I agree that it seems reasonably popular already, but I'm not sure old-school boozers are sustainable unless they are packed to the rafters. From what I can see, if you are only going to sell drinks, you need to be in the town/city centre to pick up the post-office crowd. I was in a couple of pubs last night round Victoria/St James' and they were rammed. There's a small window of opportunity for a few hours after 5.30pm. After that, people need to eat and/or go home to their families.

I can't see anyone who would buy and run The Paxton Arms as a pub being happy to keep the status quo. You wouldn't make that investment without wanting to take better advantage of the market. That means going upmarket, offering premium drinks and quality food. The location is ideal for that as people are pouring out of Crystal Palace station needing to be fed and watered. That's why Il Grillo is doing pretty well, especially from 8.30 onwards when people have been at work late and really can't be bothered to cook. I don't get the point about people who go to the Sparrowhawk not wanting to be around Anerley Hill/Road late at night. It's no different to coming out of CP station at that time and plenty of people do that when they've been out in town late.

When Boydy took over the Alma, he was quite clear that he went upmarket because you can't make money from people nursing a cheap pint for an hour. Those days are over. We've been here before but there was a great documentary on about a year ago on the decline of the old school boozer. Gender equality, workplace intolerance of lunchtime drinking/morning after syndrome, the rising cost of living and the fact there are many other luxuries competing for people's money have brought about a change in how pubs have had to market themselves.

To be honest, my money is on it becoming high-end apartments. I hope that's not the case as I'd love to see more quality businesses along that stretch.
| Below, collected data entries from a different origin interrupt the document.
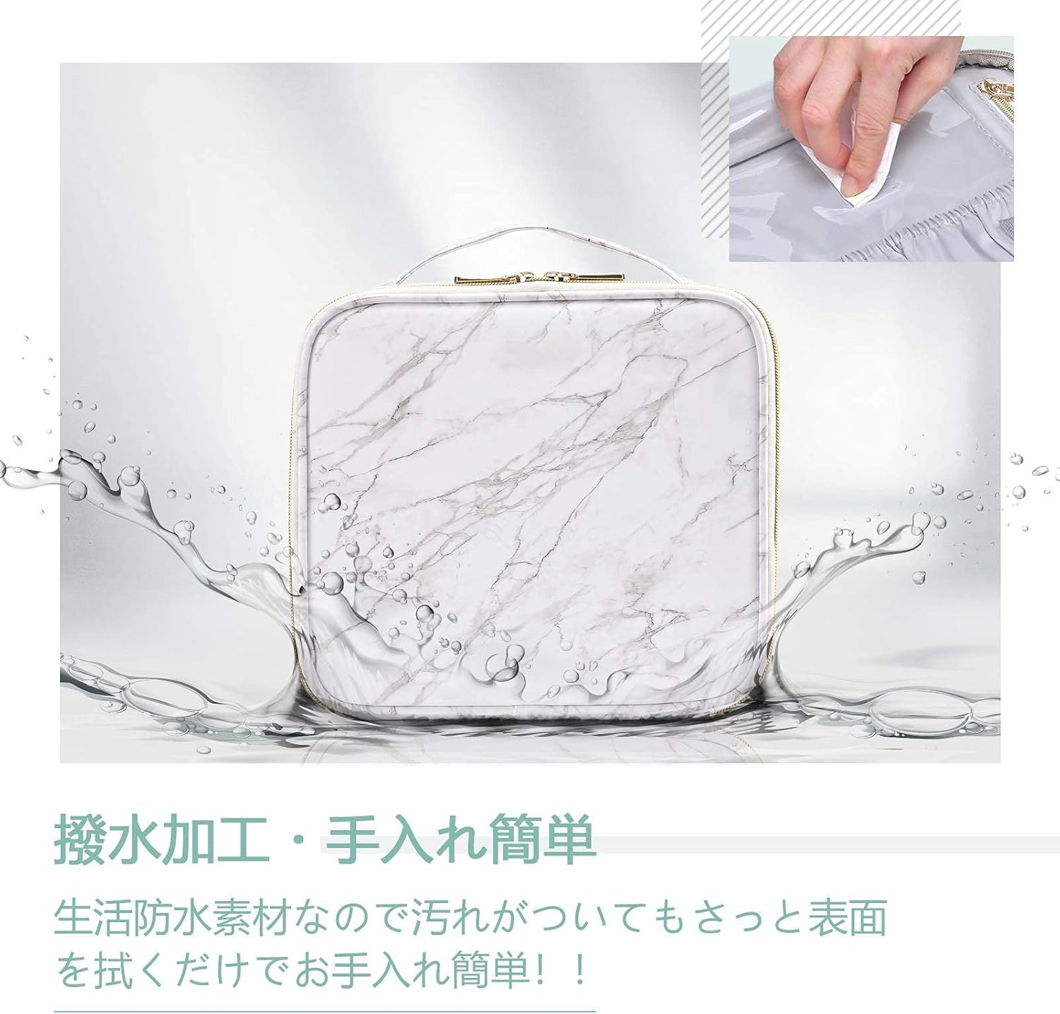 プロ仕様大容量かつ優れた緩衝性、レイアウトも自在に変更できるメイクバッグ。デザインは大人の女性に人気の大理石風。ゴールドの金具が相まって、高品質PUレザーを採用して、手触りが柔らかくて、高級感が漂います。撥水加工ましたので、お風呂、プール、温泉など水濡れし場所でもご安心に使用できます。そして、外部素材は埃を防ぐ、清潔も簡単です。材質: PU皮革、ナイロン、EVA、プラスチック 製品寸法: 約25(長さ)×23(幅)×9cm(高さ) パッケージ内容:プロ化粧パック*1 仕切り板*6(長め*1 中*2 小さめ*3) 右側にジッパー付きのポケットx1、化粧鏡、アイシャドウ,スマホ、充電ケーブルなど収納は最適です。
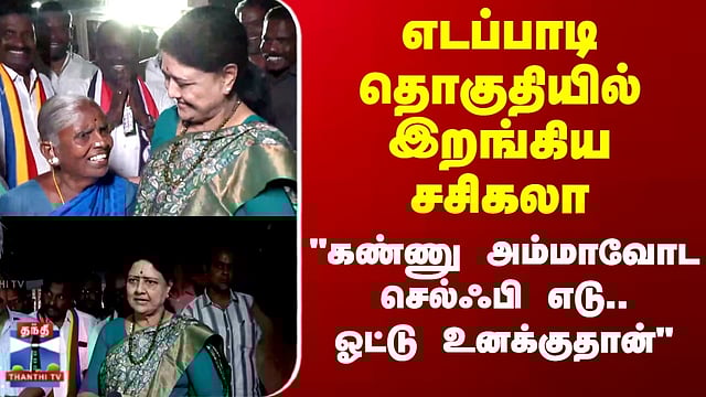 எடப்பாடி தொகுதியில் சசிகலா வாக்கு சேகரிப்பு சேலம் மாவட்டம் எடப்பாடியில் அனைத்திந்திய புரட்சித் தலைவர் மக்கள் முன்னேற்றக் கழக பொதுச்செயலாளர் சசிகலா மக்களை சந்தித்து வாக்கு சேகரிப்பில் ஈடுபட்டார்... அதனை காணலாம்...
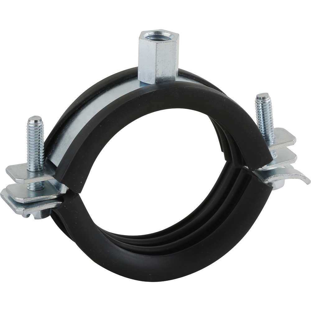 Stabil rørbøjle i to dele til højere belastningskrav indenfor bygningsteknik og rørbyg brandtestet efter DIN 4102; støjbeskyttelse efter DIN 4109
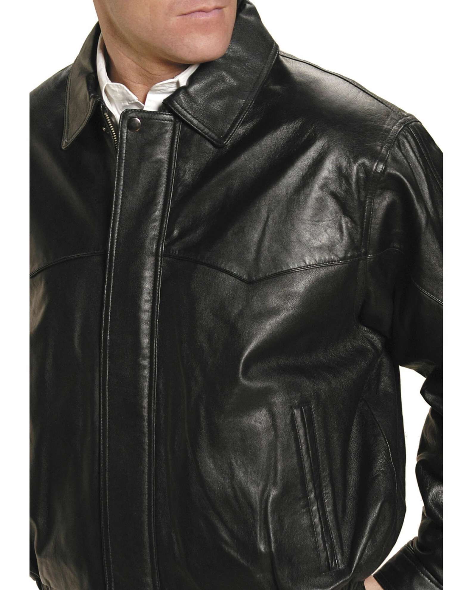 This Men’s Roper Lamb Touch Nappa Bomber Jacket has a one point front yokes and a two point back yoke. This handsome jacket has a covered placket and a zip front. It’s quite striking with a double snap cuff and side elastic waistband. It has a angled double welt front pockets and is fully lined.
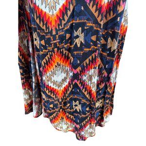 Zara Large Bohemian Beach Maxi Dress Deep V-Neck Aztec Print Tie-Back Sleeveless

It's a tempting opportunity for an investor, although I get the feeling that the apartments at the bottom of Waldegrave haven't been selling as quickly as the developer hoped. I agree with the point above about the Tesco eyesore complex. Until that gets bulldozed, that stretch will never fully reach its potential. However, if the other shops around it raise their game, I think it's only a matter of time until someone makes the current landlord an offer he can't refuse.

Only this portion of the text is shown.